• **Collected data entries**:
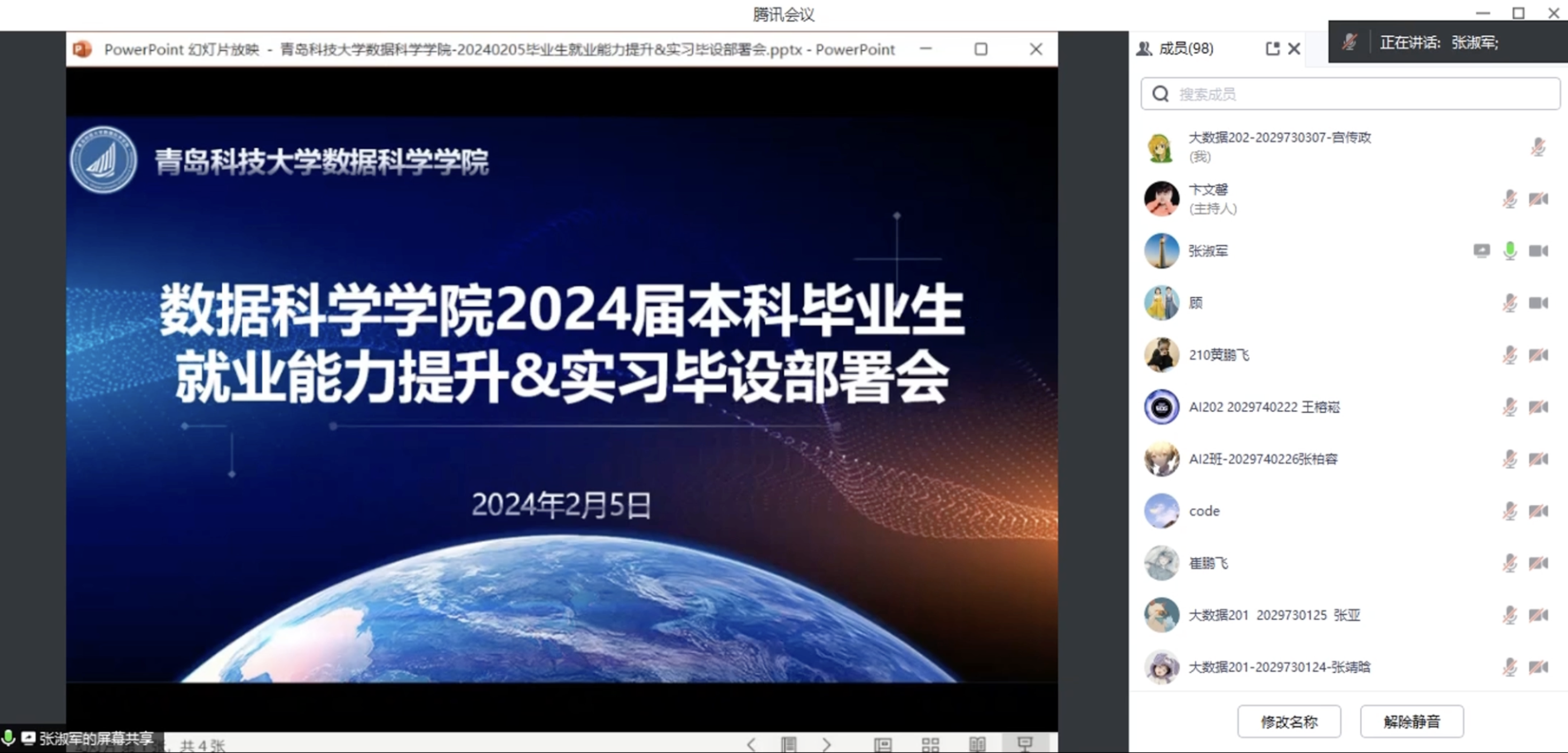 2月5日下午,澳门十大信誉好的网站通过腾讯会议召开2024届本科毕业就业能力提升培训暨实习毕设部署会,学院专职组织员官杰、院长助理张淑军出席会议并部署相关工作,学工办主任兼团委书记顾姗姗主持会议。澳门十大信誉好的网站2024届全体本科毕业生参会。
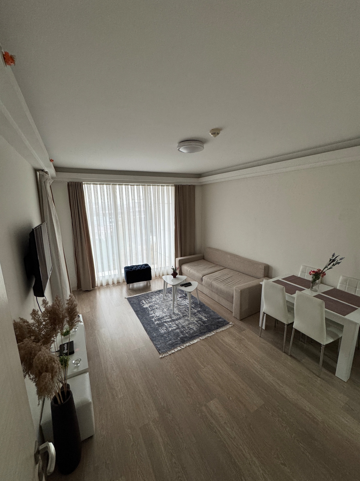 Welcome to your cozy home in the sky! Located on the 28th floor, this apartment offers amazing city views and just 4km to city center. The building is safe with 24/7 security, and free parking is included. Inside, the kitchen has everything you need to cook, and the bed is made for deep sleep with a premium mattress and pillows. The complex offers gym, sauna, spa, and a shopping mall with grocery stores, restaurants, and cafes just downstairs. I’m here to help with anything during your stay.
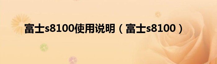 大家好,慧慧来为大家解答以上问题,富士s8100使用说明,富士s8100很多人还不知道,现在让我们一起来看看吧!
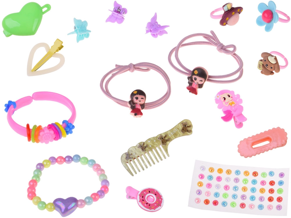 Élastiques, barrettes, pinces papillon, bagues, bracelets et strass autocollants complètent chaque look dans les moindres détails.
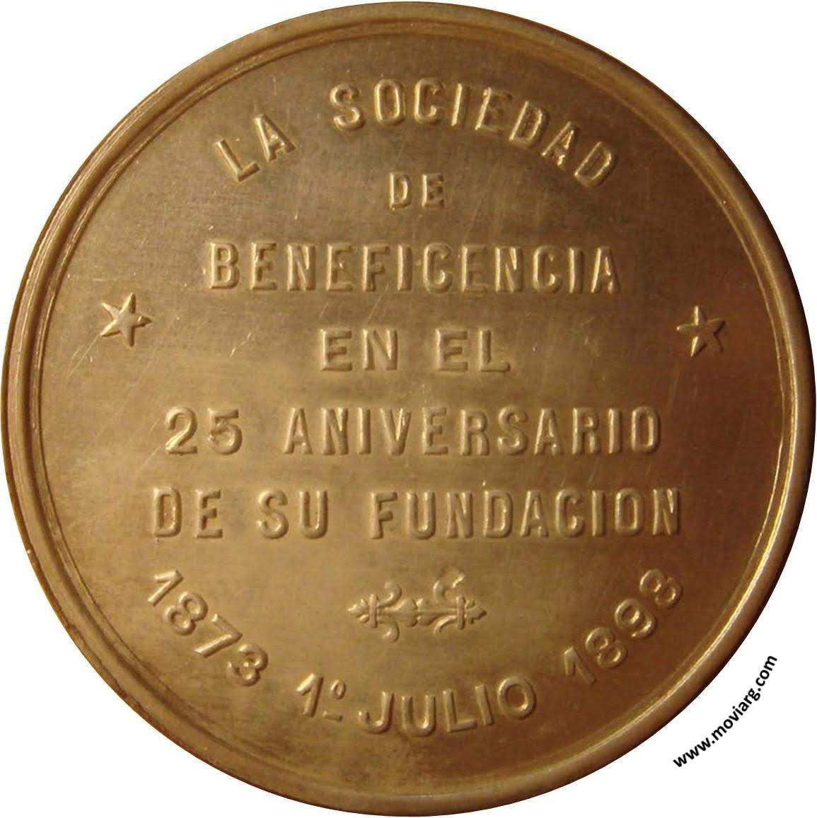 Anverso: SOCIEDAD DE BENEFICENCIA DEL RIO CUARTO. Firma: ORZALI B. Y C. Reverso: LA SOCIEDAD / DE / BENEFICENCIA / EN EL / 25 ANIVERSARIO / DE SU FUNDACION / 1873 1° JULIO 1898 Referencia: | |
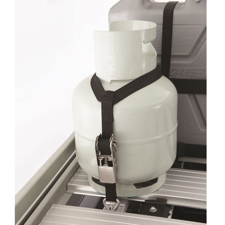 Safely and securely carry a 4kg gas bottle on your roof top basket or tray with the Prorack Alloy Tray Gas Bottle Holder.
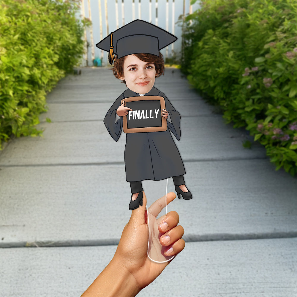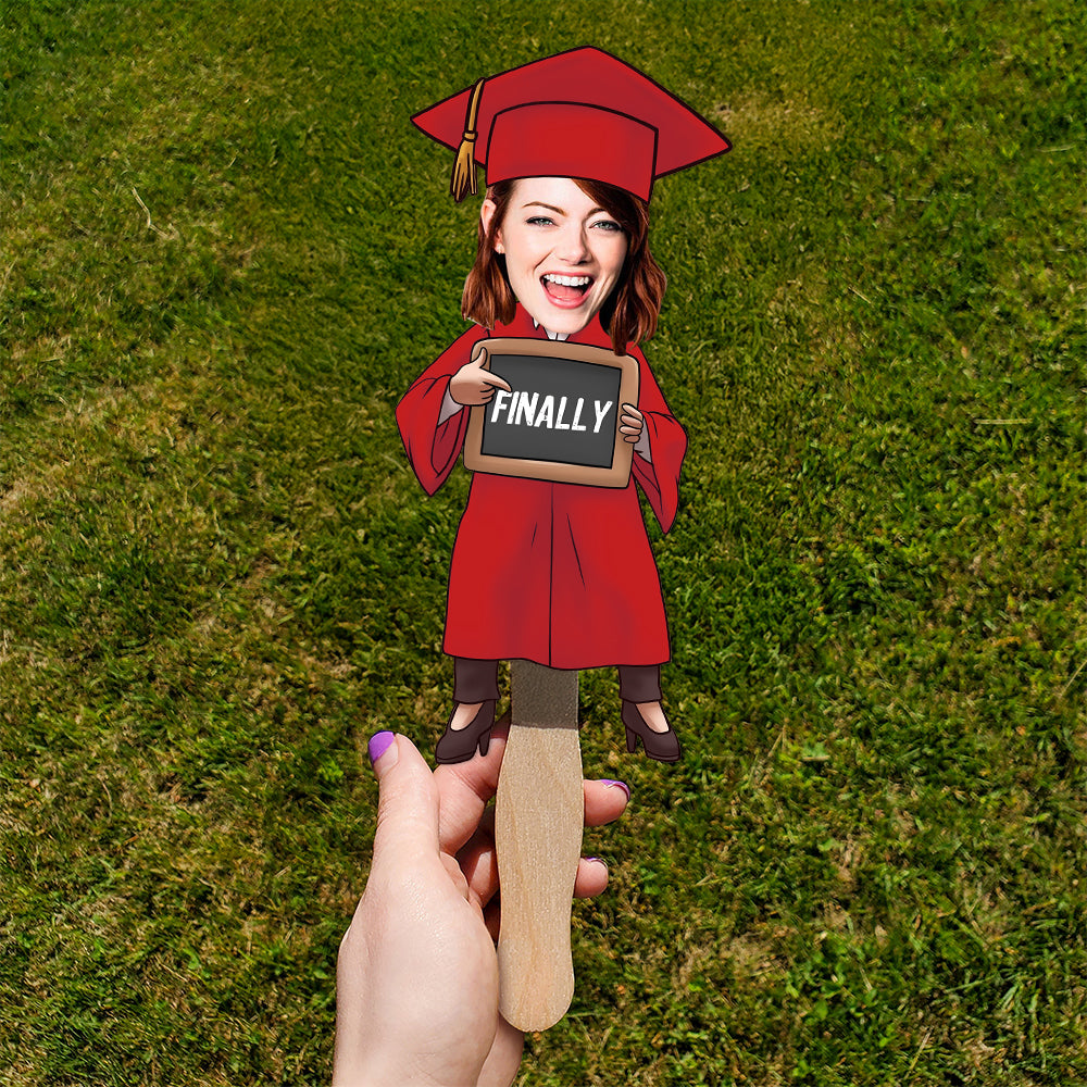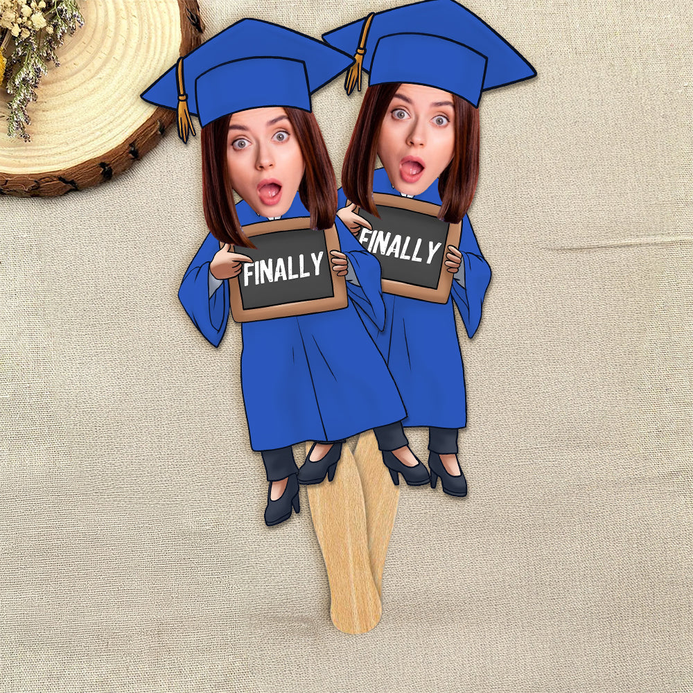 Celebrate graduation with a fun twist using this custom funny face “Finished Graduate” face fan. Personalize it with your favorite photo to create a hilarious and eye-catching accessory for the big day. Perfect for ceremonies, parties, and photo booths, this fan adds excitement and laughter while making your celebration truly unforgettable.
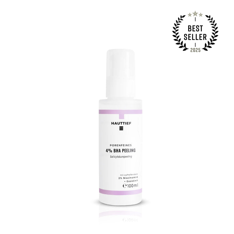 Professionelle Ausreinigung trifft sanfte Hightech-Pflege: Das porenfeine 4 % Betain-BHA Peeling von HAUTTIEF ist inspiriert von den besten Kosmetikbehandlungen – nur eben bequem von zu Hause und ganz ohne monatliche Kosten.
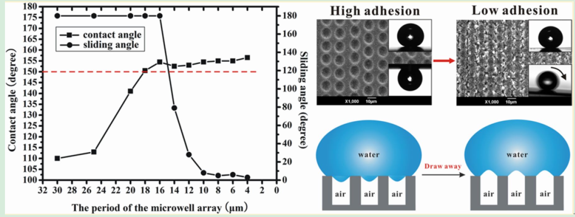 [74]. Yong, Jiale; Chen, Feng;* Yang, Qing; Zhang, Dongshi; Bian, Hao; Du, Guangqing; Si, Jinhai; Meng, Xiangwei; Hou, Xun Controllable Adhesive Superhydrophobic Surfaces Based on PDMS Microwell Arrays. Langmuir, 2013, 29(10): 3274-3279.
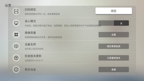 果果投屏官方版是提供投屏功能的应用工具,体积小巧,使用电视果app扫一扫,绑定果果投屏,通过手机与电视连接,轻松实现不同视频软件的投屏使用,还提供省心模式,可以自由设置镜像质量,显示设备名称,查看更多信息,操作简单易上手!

• **PROMPT**: Using the records above, repeat exactly the run of lines that starts with the line with "Anverso: SOCIEDAD DE" and goes on through the line with "Celebrate graduation with"; omit each picture.

• **EXERCISE RESULT**:
 Anverso: SOCIEDAD DE BENEFICENCIA DEL RIO CUARTO. Firma: ORZALI B. Y C. Reverso: LA SOCIEDAD / DE / BENEFICENCIA / EN EL / 25 ANIVERSARIO / DE SU FUNDACION / 1873 1° JULIO 1898 Referencia: | |
 Safely and securely carry a 4kg gas bottle on your roof top basket or tray with the Prorack Alloy Tray Gas Bottle Holder.
 Celebrate graduation with a fun twist using this custom funny face “Finished Graduate” face fan. Personalize it with your favorite photo to create a hilarious and eye-catching accessory for the big day. Perfect for ceremonies, parties, and photo booths, this fan adds excitement and laughter while making your celebration truly unforgettable.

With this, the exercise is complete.